# UK citizenship application - referees question



## Lauren_999 (Jan 18, 2011)

Hi all

It's been awhile since I've been here, but the group was so helpful with my other Visa queries I thought I'd come back to clarify info as I'm now applying for UK citizenship/naturalisation after living here for six years.

When it comes to referees, I can't seem to pick apart the requirements. I know I need two, but does one of them HAVE to be a "professional" from the list (e.g. doctor, bank worker, teacher, police officer, etc)? 

I've got two willing referees who:

Are 25 years+
UK citizens
Have known me 3 years+
Are not relatives

Thanks

p.s. Sorry if this is covered extensively already - the search function didn't provide much help!


----------



## Joppa (Sep 7, 2009)

Only one referee must be a professional person.


----------



## Lauren_999 (Jan 18, 2011)

OK - thank you! 

Any chance that you know if the retired version of these professions (e.g. a retired head master) would qualify?

Thanks!
L


----------



## Joppa (Sep 7, 2009)

Yes, retired person is eligible.


----------



## WestCoastCanadianGirl (Mar 17, 2012)

Agree with Joppa... retired professionals qualify.

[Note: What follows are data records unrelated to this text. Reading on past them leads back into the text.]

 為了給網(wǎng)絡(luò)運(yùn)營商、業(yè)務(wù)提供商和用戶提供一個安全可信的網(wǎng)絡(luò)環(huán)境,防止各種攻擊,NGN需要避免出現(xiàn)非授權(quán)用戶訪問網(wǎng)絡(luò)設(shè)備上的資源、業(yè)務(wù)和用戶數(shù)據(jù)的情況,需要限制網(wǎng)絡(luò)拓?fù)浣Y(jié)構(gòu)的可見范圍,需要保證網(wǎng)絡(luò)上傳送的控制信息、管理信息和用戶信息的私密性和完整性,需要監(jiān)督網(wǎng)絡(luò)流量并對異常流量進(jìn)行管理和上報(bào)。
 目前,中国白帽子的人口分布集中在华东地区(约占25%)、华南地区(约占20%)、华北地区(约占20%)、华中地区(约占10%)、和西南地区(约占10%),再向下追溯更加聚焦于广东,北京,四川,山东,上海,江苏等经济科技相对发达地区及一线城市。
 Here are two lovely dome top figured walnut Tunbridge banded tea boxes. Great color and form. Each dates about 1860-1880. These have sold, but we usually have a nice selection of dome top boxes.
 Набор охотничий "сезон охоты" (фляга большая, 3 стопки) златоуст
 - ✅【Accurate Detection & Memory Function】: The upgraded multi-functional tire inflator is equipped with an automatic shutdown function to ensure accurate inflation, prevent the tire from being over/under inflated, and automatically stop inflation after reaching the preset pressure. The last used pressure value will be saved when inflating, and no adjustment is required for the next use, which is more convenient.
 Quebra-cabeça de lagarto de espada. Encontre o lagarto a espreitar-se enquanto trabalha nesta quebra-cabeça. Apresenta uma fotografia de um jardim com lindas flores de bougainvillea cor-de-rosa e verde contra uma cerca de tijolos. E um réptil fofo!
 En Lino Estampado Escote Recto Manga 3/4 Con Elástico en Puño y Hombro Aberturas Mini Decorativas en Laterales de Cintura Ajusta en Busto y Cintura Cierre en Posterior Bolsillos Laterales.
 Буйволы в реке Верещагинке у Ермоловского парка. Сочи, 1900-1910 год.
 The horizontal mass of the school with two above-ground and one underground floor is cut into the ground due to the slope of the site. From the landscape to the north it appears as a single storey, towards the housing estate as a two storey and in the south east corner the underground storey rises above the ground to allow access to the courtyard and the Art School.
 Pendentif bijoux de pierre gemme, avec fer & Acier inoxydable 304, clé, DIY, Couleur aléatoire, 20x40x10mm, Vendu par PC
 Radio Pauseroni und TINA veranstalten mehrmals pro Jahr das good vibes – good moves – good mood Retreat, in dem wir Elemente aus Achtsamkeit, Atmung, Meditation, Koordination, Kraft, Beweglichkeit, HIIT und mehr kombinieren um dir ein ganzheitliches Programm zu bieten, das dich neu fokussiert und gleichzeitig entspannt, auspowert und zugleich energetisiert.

One of my referees was a retired Civil Servant (husband's former work colleague). He simply completed his personal details (name and home address) and specified what profession he was in - i.e. he gave the name of the last department he worked in prior to leaving the Civil Service.

No further questions were asked.


Good luck to you and congratulations on making it to naturalisation!


----------



## Joppa (Sep 7, 2009)

But do ask your potential referee first that they agree to act as one, as Home Office often but not invariably contact them about the applicant.


----------